As Lorraine Minnite and long-time DSAer Frances Fox Piven argue in”Why the Democrats and Movements Need Each Other” (In These Times, October 17, 2017), if social movements grow among constituencies that traditionally vote Democratic, then some Democratic politicians will respond by moving to the left. DSA understands that electing a Democratic Congress and president won’t guarantee radical reform (see the Obama administration). But it also understands that it would improve the chances of democratic socialist movements to win progressive reforms. It’s no accident that single-payer is on the state agenda in two of the “bluest” states—California and New York.
Coalition-building
Why build a socialist presence within a broader left? Any reform that will redistribute power and wealth from corporate America to the working class will be militantly opposed by capital. As the movement for single-payer strengthens, we will witness more overt red-baiting of the program (after all, the ACA was and still is subject to such attacks). The Sanders campaign demonstrates how legitimizing the term “socialism” expands political possibilities. As DSA’s legitimacy grows, we’ll both be able to elect open socialists at the local and state level and to increase our weight within progressive coalitions fighting for meaningful reforms. Ultimately those reforms, even if won, will be weakened by pressure from those who control investment—corporate elites. Thus short-term struggles, such as M4A, which aim to socialize a part of the corporate economy, illustrate the possibilities of a more robust economic democracy.

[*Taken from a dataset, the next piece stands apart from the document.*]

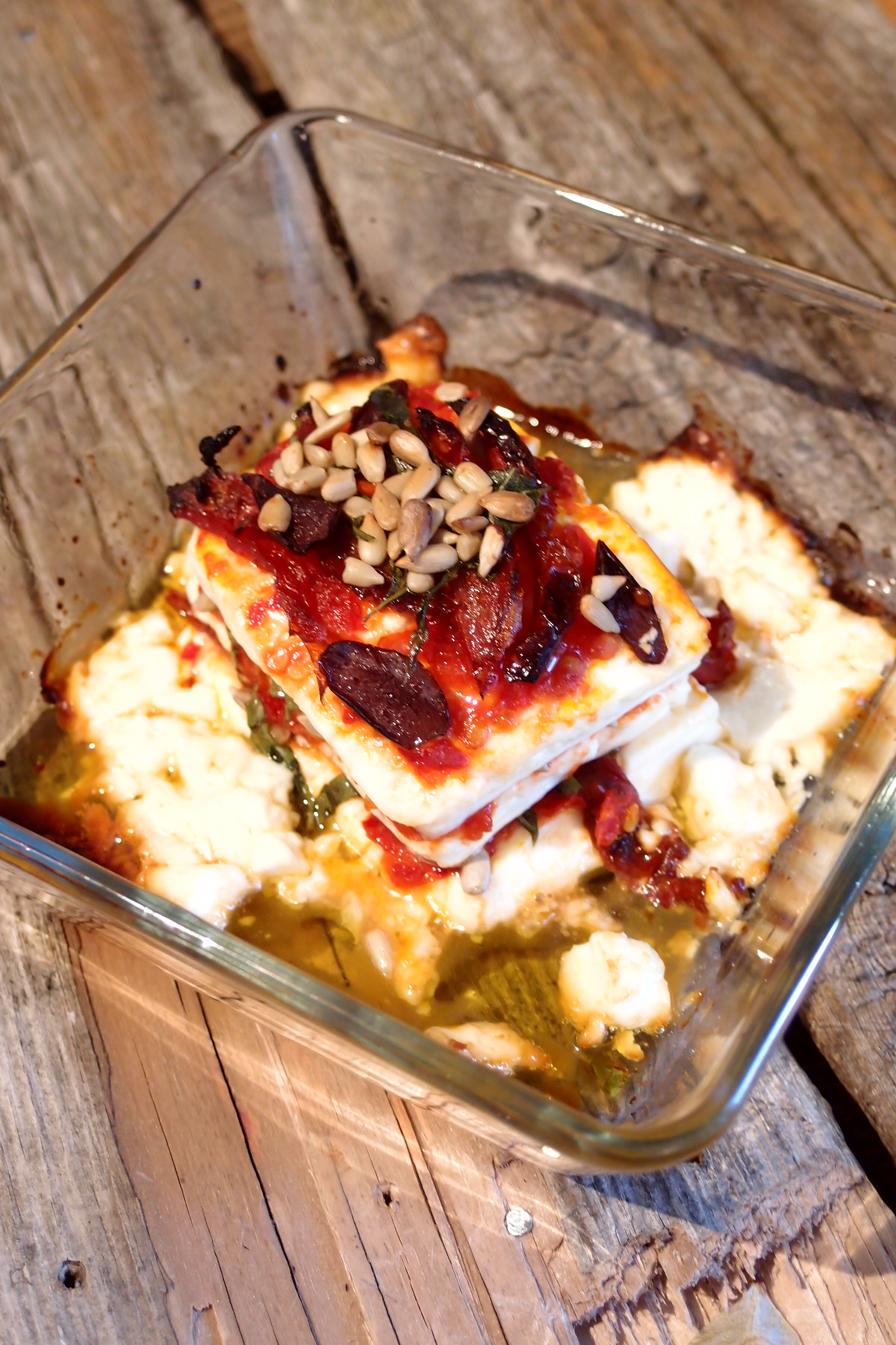 Ringla olivolja i botten av en ugnsform. Varva tunna fetaostskivor med generösa lager av sambal oelek, strimlad soltorkad tomat,  oliver, färsk basilika samt pinjenötter eller solrosfrön (för tuggmotstånd). Smula sista fetaostskivan runt om på sidorna – det är dessa bitar som blir knapriga och sega när de får lite färg. Toppa med flytande honung och skjutsa in i en varm ugn (225°) i ca 10-15 minuter. Prima tillbehör!

Opponents who worry that single-payer might be the slippery slope toward socialism could be right, if we continue to build a more vibrant political presence for DSA at both the grassroots and national levels. Our five-fold growth over the past two years makes such a reality possible, but only if we choose our battles with care and marshal our scarce national and chapter resources intelligently.
Joseph M. Schwartz is a member of DSA’s National Political Committee and a professor of political science at Temple University. He is the author of The Permanence of the Political and The Future of Democratic Equality.